Highway 82 commuters face underpass work come spring

ASPEN – Commuters on Highway 82 will face challenges – slower speeds at the least, stops at the worst – when construction of two pedestrian underpasses begins as soon as the weather allows in the spring.

Traffic isn’t likely to face significant delays when an underpass is constructed at Willits near the Whole Foods Market building, according to Roaring Fork Transportation Authority officials.

Bypass lanes were constructed on both sides of the highway last fall so that traffic can continue to flow while Gould Construction builds the underpass starting in the spring. Downvalley and upvalley traffic will be diverted off the regular highway lanes and onto the special lanes for a short stretch just east of Whole Foods Market.

The posted speed limit likely will be lower than 55 miles per hour on that stretch of highway because of the bypass lanes, but traffic won’t have to be halted for work, RFTA officials said in prior interviews.

“Gould (Construction) will move traffic back to the original Highway 82 lanes, finish the ends of the pedestrian underpass and build the RFTA bus rapid transit stations” next summer, said a memo from RFTA staff to the bus agency’s board of directors.

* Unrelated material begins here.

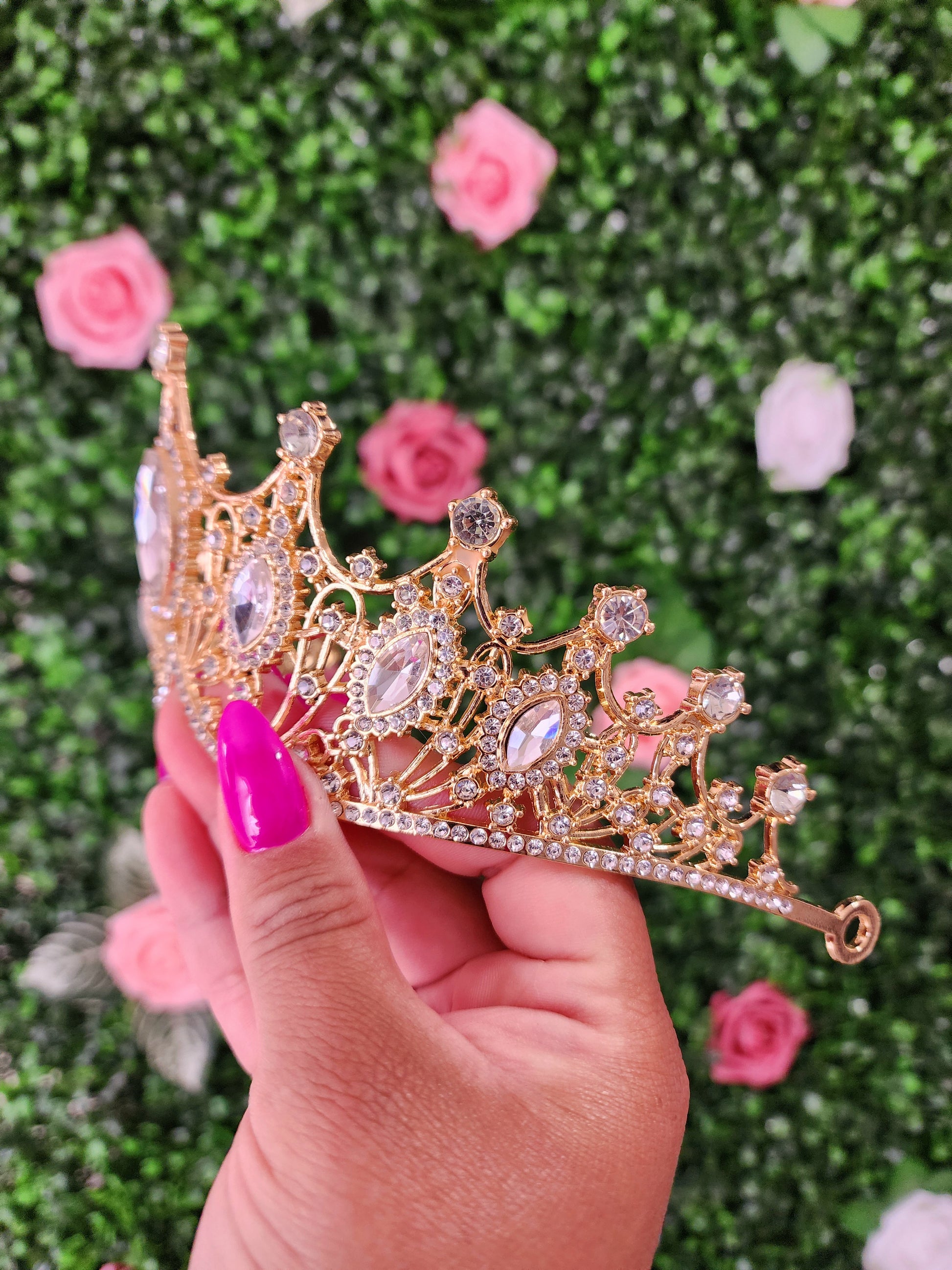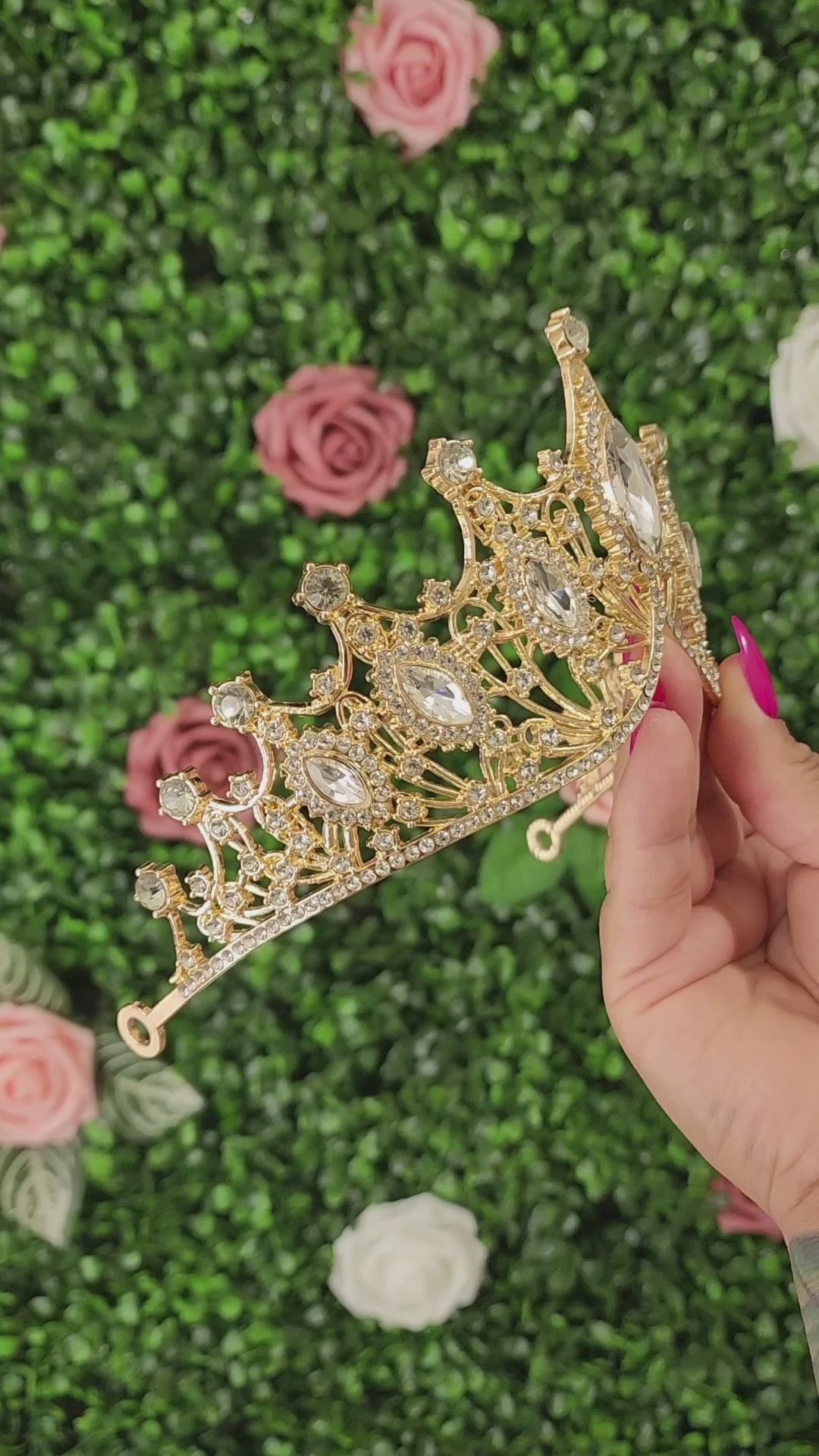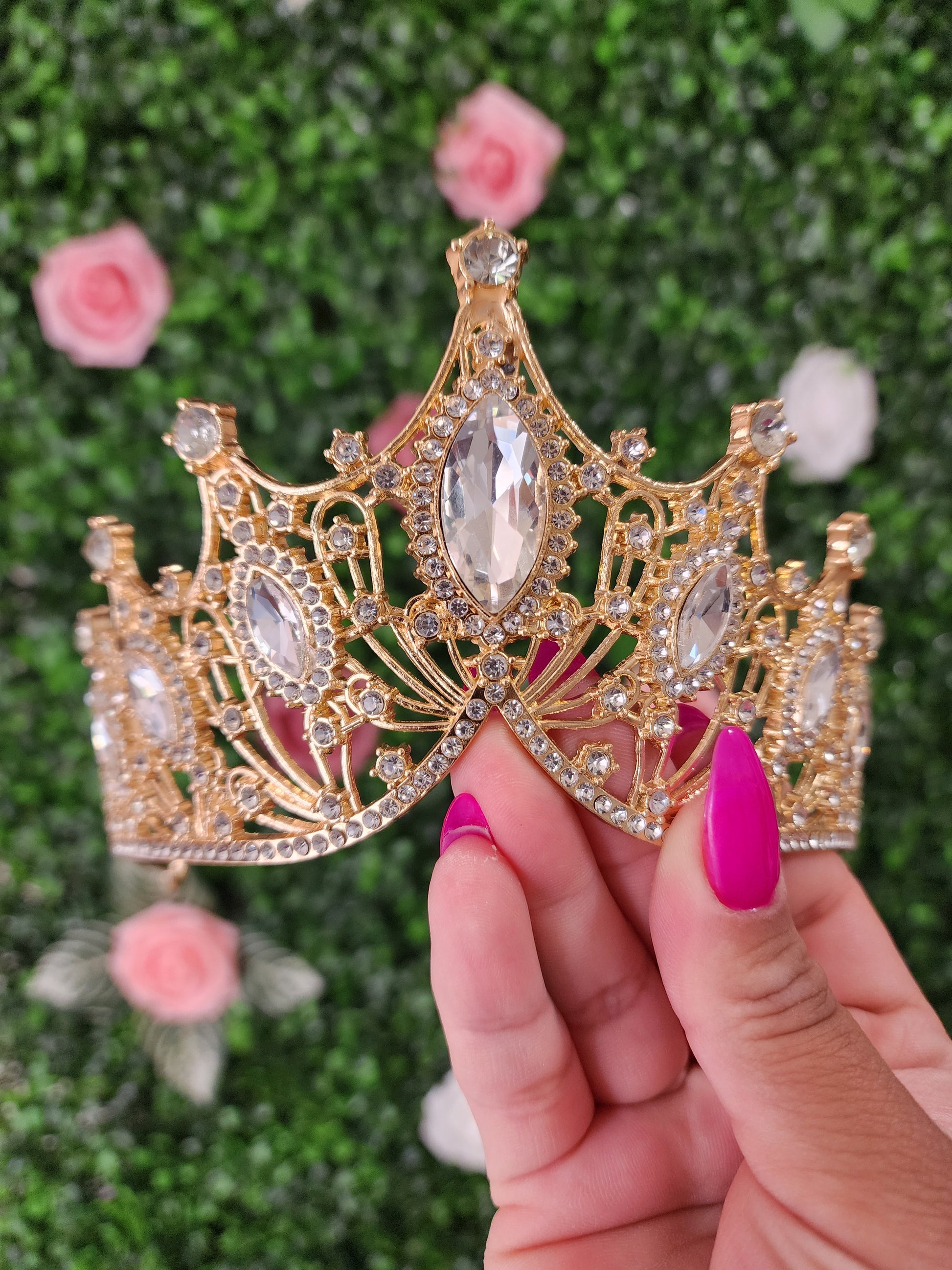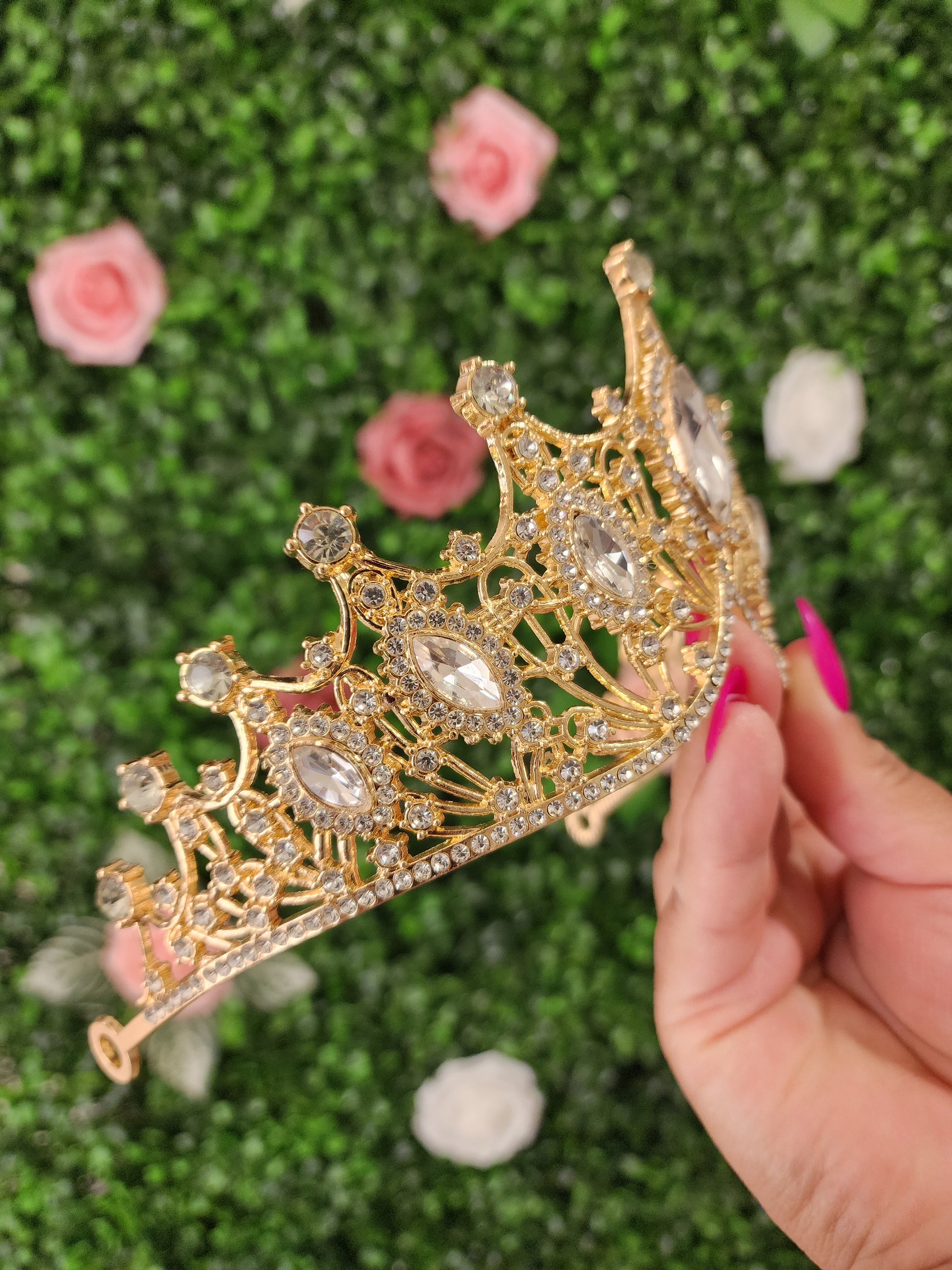 This gold and silver tiara is a captivating and enchanting headpiece that beautifully combines the timeless elegance of silver with refreshing and vibrant gold. This tiara gives a sense of sophistication and natural beauty, making it a striking accessory for various special occasions.

The underpass is needed because RFTA is adding a major bus stop to serve Willits Town Center, where Whole Foods is located. Bus passengers using downvalley service need a safe way to negotiate the highway to travel between the bus stop and Whole Foods and the surrounding commercial area.

A second underpass slated for construction at the Aspen Business Center is a Pitkin County project that will be managed by RFTA. The bus agency will build upvalley and downvalley bus stations that will be connected by the pedestrian underpass.

“After experiencing repeated project delays over the last several months, RFTA, Pitkin County and Colorado Department of Transportation only recently came to the conclusion that a combined construction project would present the best chance for both the bus rapid transit stations and the pedestrian underpass to be completed by September 2013,” the RFTA staff memo said.

The government agencies are trying to complete legal agreements necessary for RFTA to manage all parts of the project. That step is necessary before the project is put out for bid. Construction will start in March or April, depending on conditions.

No bypass lanes will be put into play at the Aspen Business Center like they will be at Willits during construction of the underpass.

“The underpass will have more impacts on traffic,” RFTA President and CEO Dank Blankenship told the board of directors. The construction team will try to limit delays during prime commuting times.

“There’s no cause for people to be buying Sterno,” Blankenship quipped, referring to the “canned heat” that uses a jellied alcohol that can be burned in the can it comes in.